Hummel International Sport & Leisure A/S
- Type: Subsidiary
- Industry: Sports equipment
- Founded: 1923; 103 years ago in Hamburg, Germany
- Founder: Albrech & Ludwig Messmer
- Headquarters: Aarhus, Denmark
- Area served: Worldwide
- Products: Sportswear, footwear
- Revenue: DKK 1.858 billion (€250 million) in 2021
- Parent: Thornico Group
- Website: www.hummel.net

= Hummel International =

Danish manufacturing company of sportswear

Hummel International Sport & Leisure A/S, commonly known as Hummel (stylized hummel), is a German-founded Danish manufacturing company of sportswear brand based in Aarhus. It is owned by Thornico. The Hummel logo is a stylized bumblebee, as Hummel is German for "bumblebee".

== History ==
The company was founded in 1923 by Max Albrecht Ludwig Messmer and his father Michael Messmer under the name "Messmer & Co" in Hamburg, Germany; that same year, the Messmer brothers introduced the first football boots to the world. Hummel became Danish after being taken over by Bernhard Weckenbrock in 1956, who moved its base to Kevelaer, North Rhine-Westphalia. Since 1999, Hummel has been a part of the Danish Thornico Group founded by Christian and Thor Stadil.

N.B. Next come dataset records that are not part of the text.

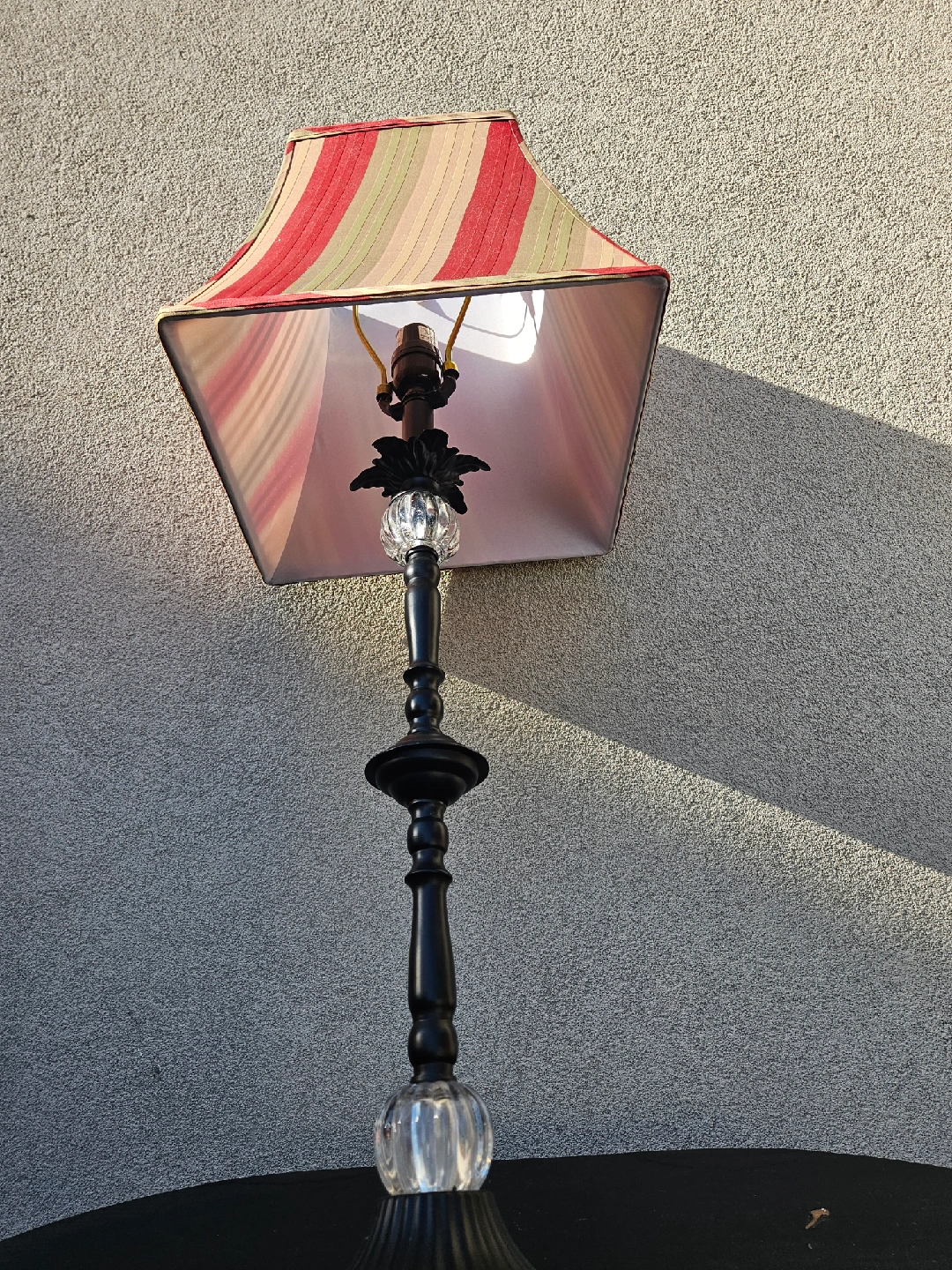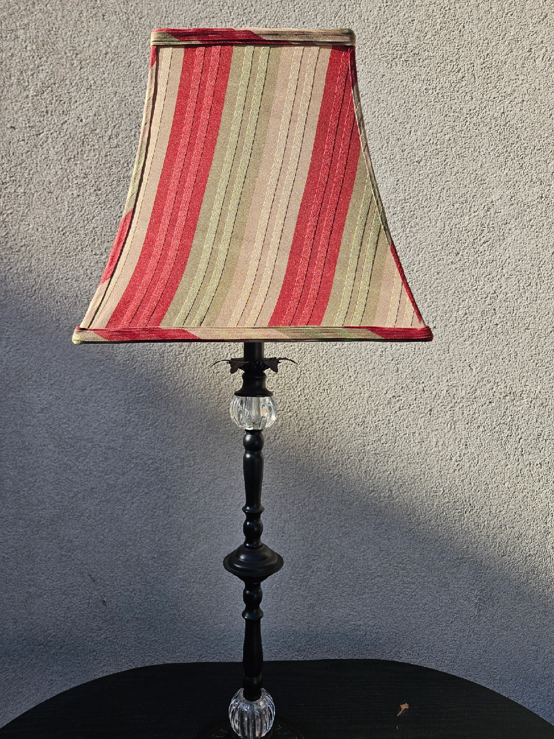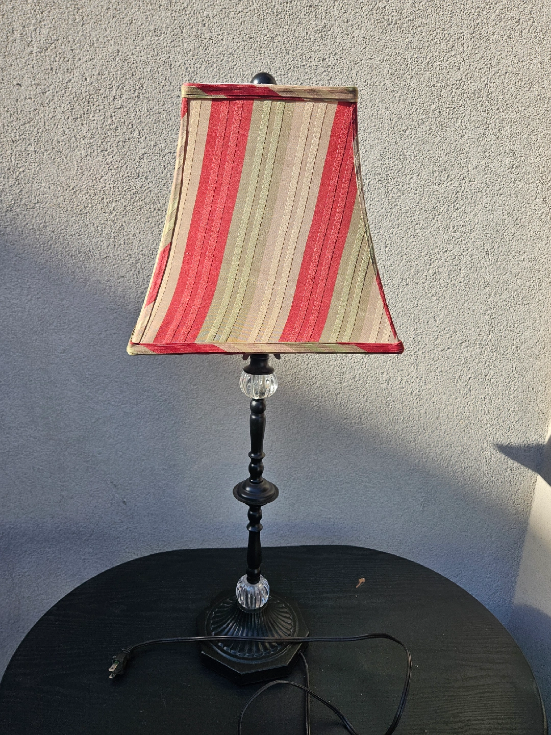 This table lamp features a black stand with clear glass accents and a striped shade. It would look great on a bedside table or desk!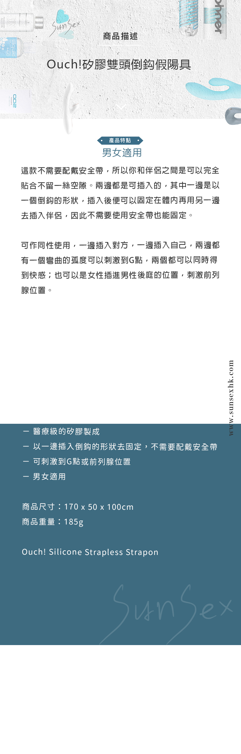 Ouch!矽膠雙頭倒鈎假陽具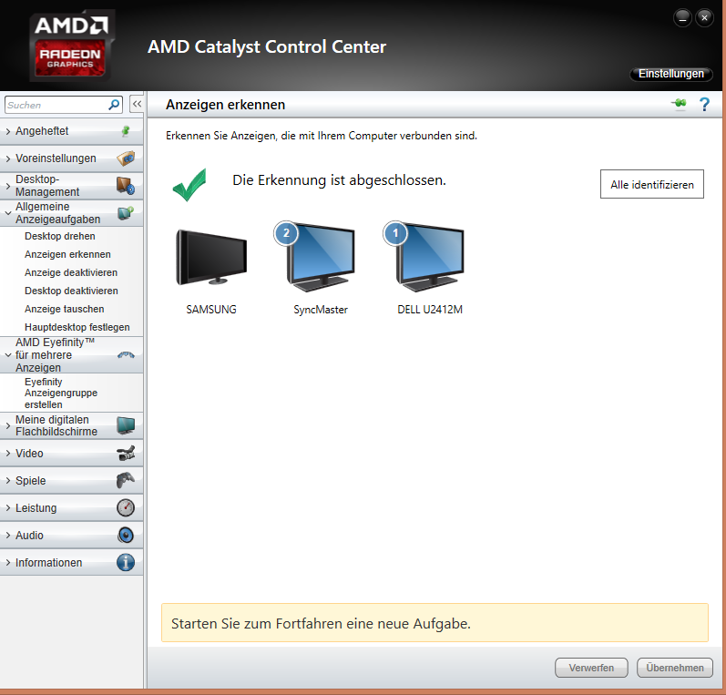 Nun habe ich den Syncmaster per MiniDP angeschlossen und der Samsung (Fernseher) per HDMI. Sie werden auch wie gewollt erkannt, aber sage ich "Identifizieren" kommt nur die 3 auf meinem Dell Bildschirm.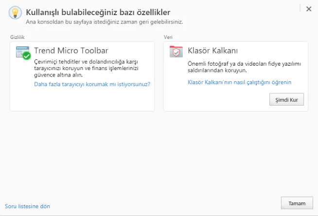 Artık arka planda program sürekli tarama yaparak bilgisayarınızı koruma altına alacak. Trend Micro size farklı özelliklerinden yararlanma imkanı da sunmakta. Bunlardan da isterseniz yararlanarak korumanızı artırabilirsiniz. Tarayıcınıza toolbar ekleyebilir veya ekstra klasör kalkanını kullanarak önemli dosyalarınızı koruyabilirsiniz.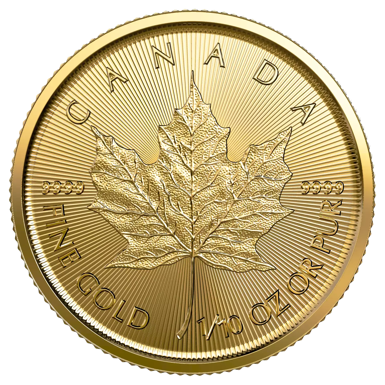 The 2023 1/10 oz Canadian Maple Leaf gold coin is the 41st release of the 1/10 oz Canadian Gold Maple Leaf coin. It contains 1/10 oz of .9999 fine Gold. The weight and purity of this coin is guaranteed by the Royal Canadian Mint. These coins are highly popular among investors and collectors.

== Products and clients ==
The company currently manufactures apparel for football, rugby league, futsal, handball, basketball, shinty, volleyball and esports teams. Moreover, the company also offers apparel and footwear for adults and children alongside its fashion sub-brand, Hummel HIVE.

Being one of the oldest sportswear brands in the business with roots in football and handball, Hummel has previously been worn by football teams such as Real Madrid, Red Star Belgrade, Sunderland, Southampton, Aston Villa, Benfica, Coventry City and the Danish national team. In 2025, they signed a multi-year league wide partnership with The Canadian Premier League.

In 2016, they created a hijab-friendly uniform for the women's Afghanistan national team, debuting the uniform on International Women's Day.